Julius died of a heart attack in Manhattan on November 26, 1946, at the age of 72. I assume he knew before he died that his beloved granddaughter Margot had been murdered by the Nazis at Sobibor along with her other grandparents. Elsa died in 1961, also in New York City.

According to Garry’s notes after his translation of the memoir, the firm of L.S Brinkmann, the knitwear company owned by Levi Brinkmann and later by Julius and his brother-in-law/second cousin Moritz Werner, was re-established after the war by Moritz and Garry and resumed business in 1949. It was once again a very successful business for many years, closing down in 1974.

Garry also commented on the fate of his brother Herbert, who was a patient in a sanitorium in Zurich during the war. He was released in 1953 and cared for by a Swiss guardian. He worked and was well liked and respected in the community. He was “an extremely intelligent and cultured person, a man of many abilities, the least of which was to become a painter.” Herbert died of a heart attack in Zurich in 1962. Garry and his wife and five year old daughter were in Europe at that time and on their way to visit him when he died.

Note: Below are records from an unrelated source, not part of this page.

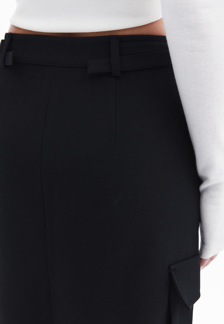 • Bayan Siyah Yüksek Bel Kargo Cepli Etek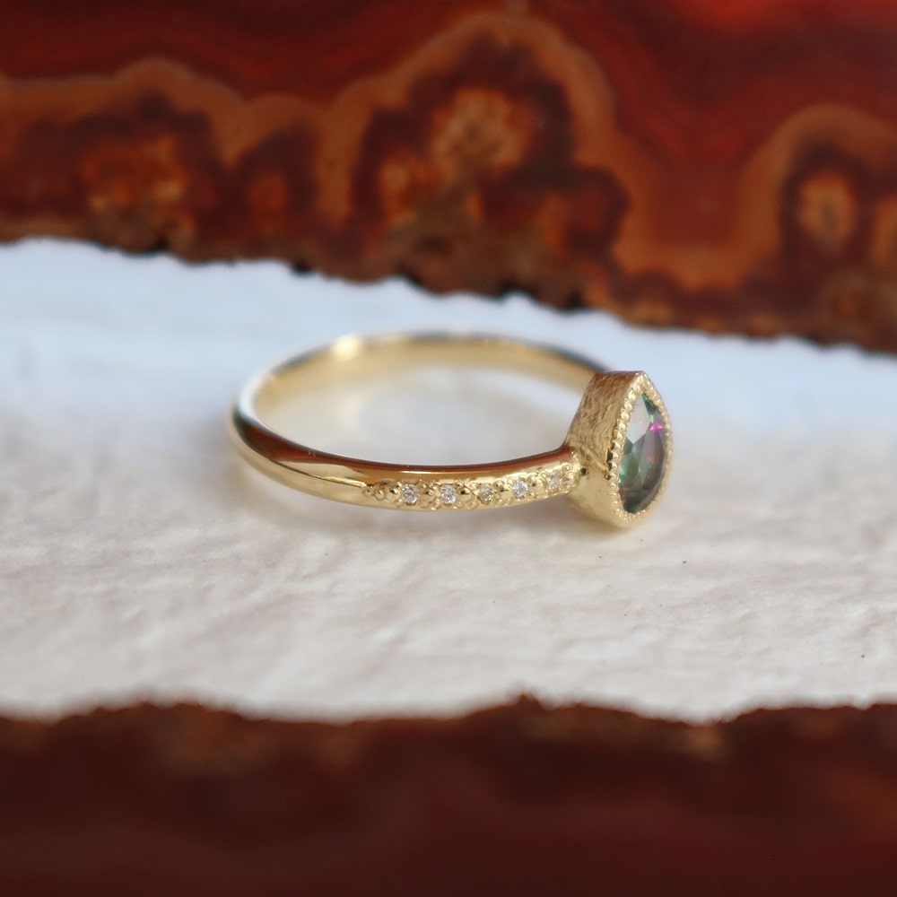 18金のリングにペアシェイプカットのミスティック・トパーズを留めた重ね付けにも向いている商品です。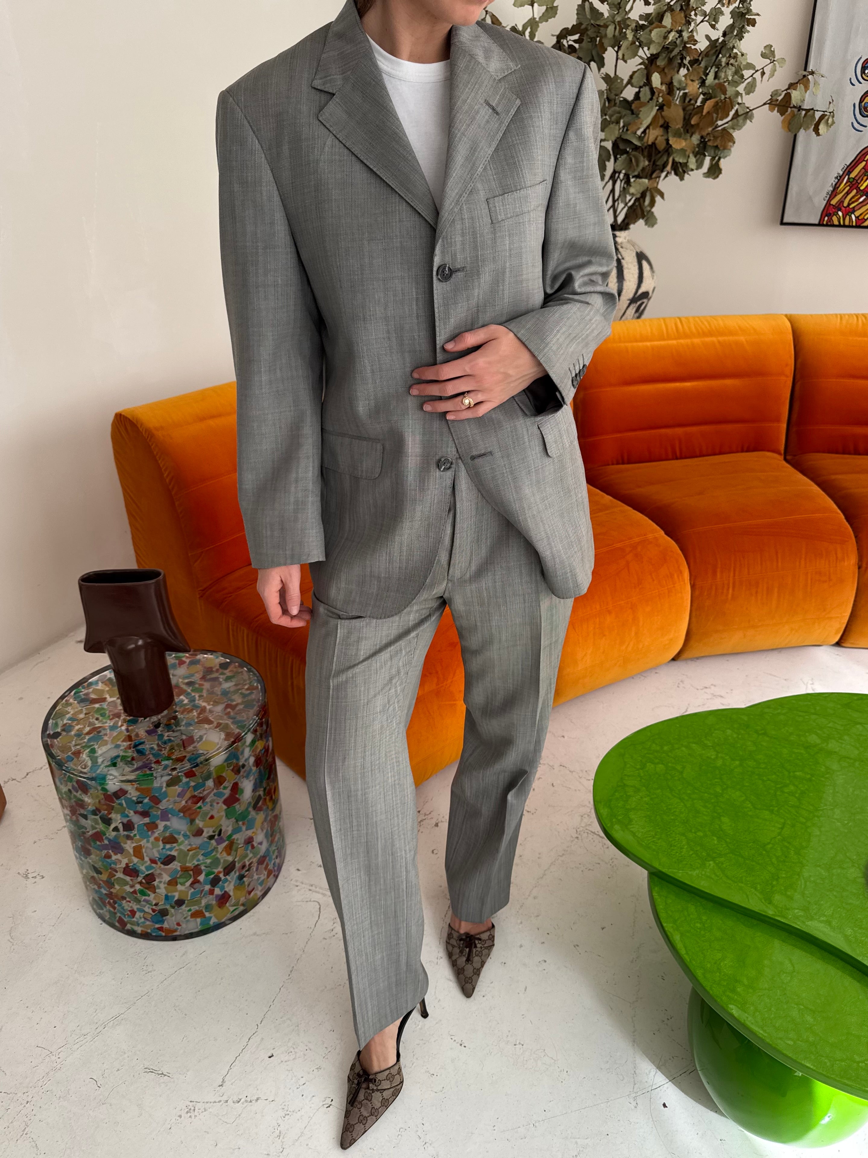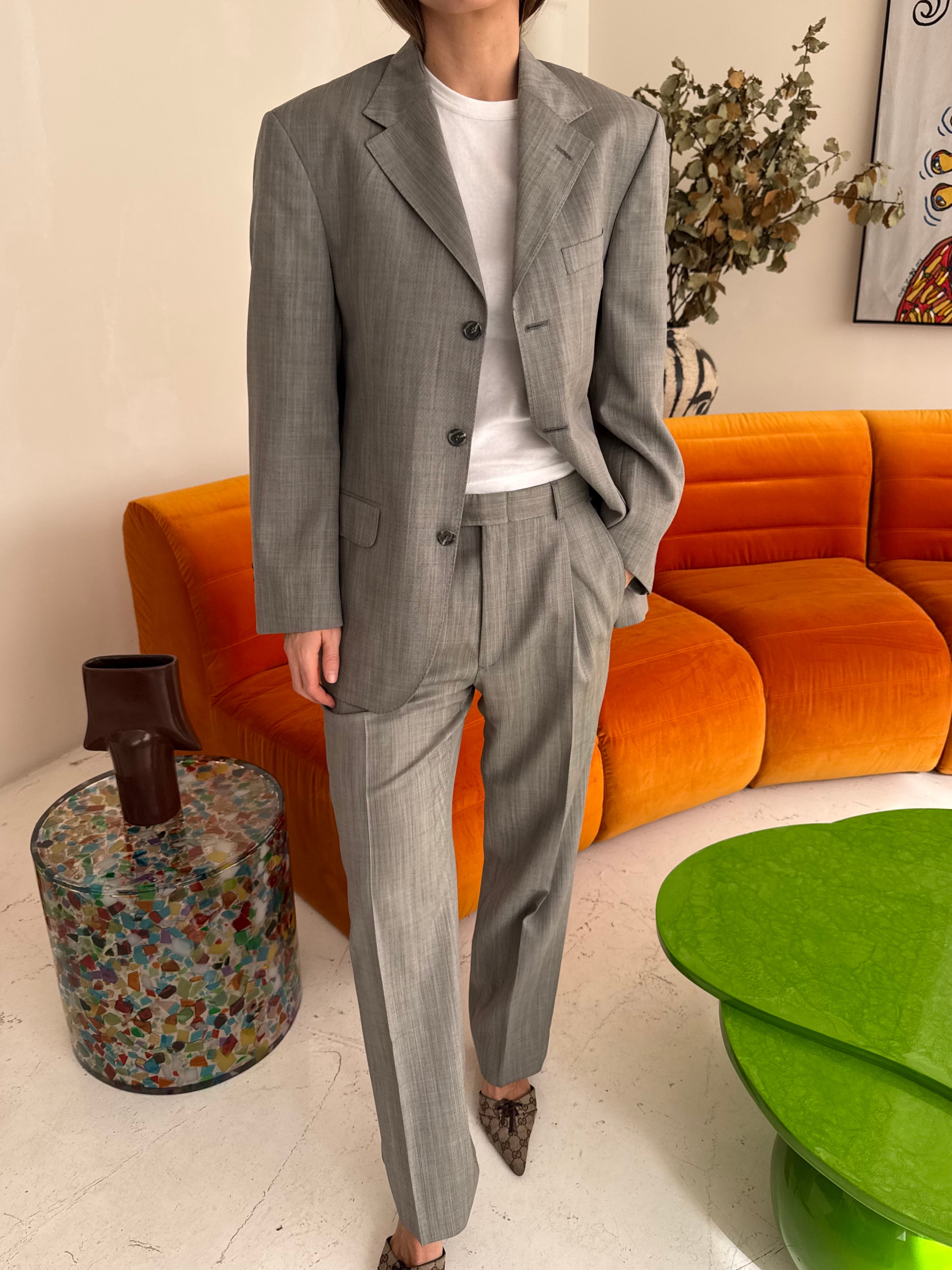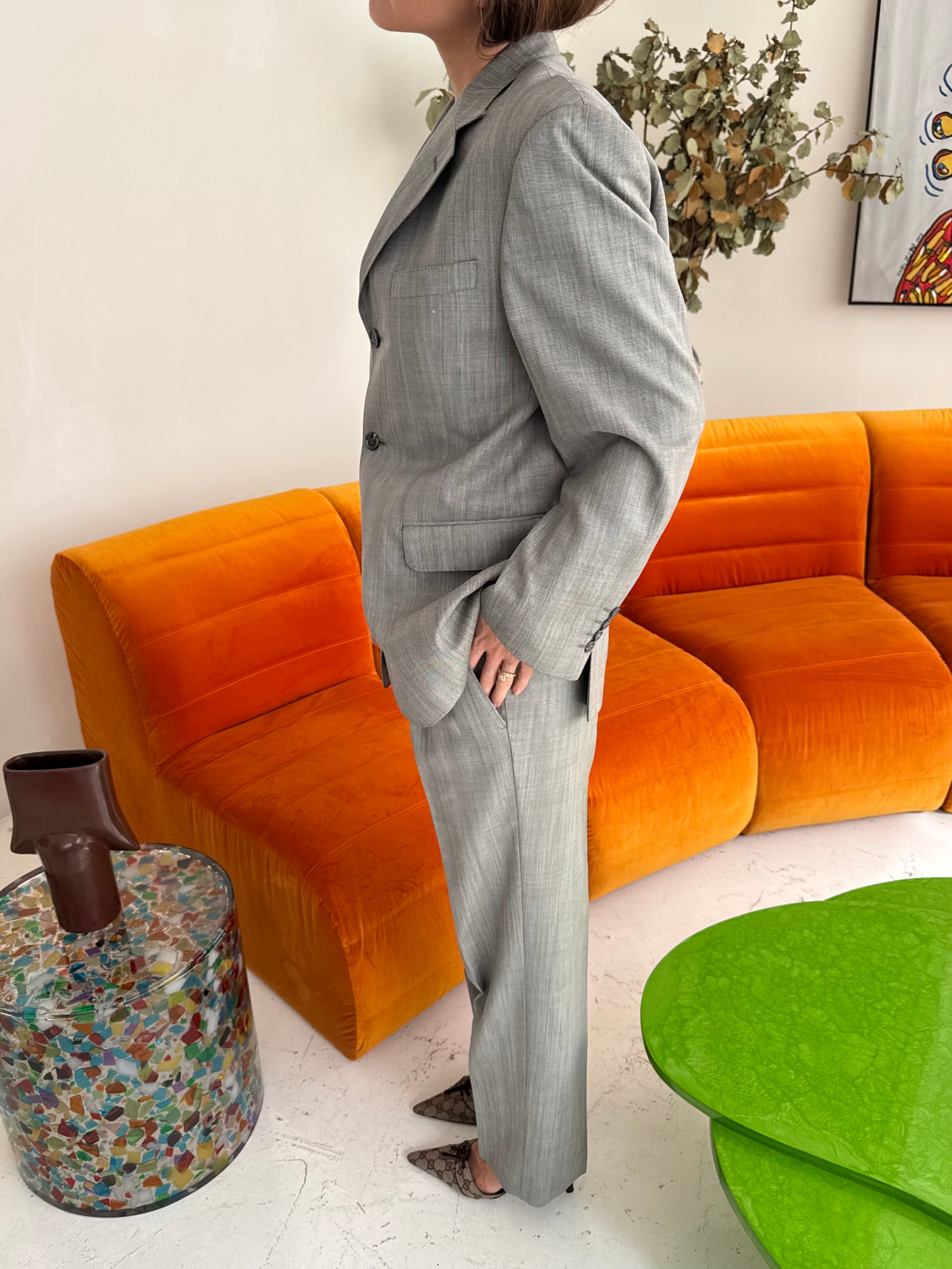 Beautiful vintage suit, carefully curated and handpicked. This piece is zero waste and is up cycled to prolong its lifespan. Carefully curated, professionally tailored and professionally dry-cleaned. Wear each piece separately or together and dress it up or down. Dry clean only.

According to his daughter Joanne, Garry continued to work in the knitwear business until 1969. He then moved to West Palm Beach, Florida. He died March 1, 2005, when he was 87. I am so grateful to him for translating his father’s memoir and to Joanne for sharing it with me.

Garry Warner-Loewenthal
Courtesy of Joanne Warner-Loewenthal

These are stories that must be shared. We must never, ever forget what these people endured or their courage and resilience in carrying on after surviving Nazi Germany and the Holocaust.

 

41 thoughts on “The Memoir of Julius Loewenthal, Part V: Leaving Germany

  1. Thank you, Amy. A very moving and well told story of what your family endured. Multiply that by millions to understand the horror that we must Never go through again. We must do everything in our power right now to avoid this happening to us or to any other ethnic, racial or religious group. There is no place for hate in this world.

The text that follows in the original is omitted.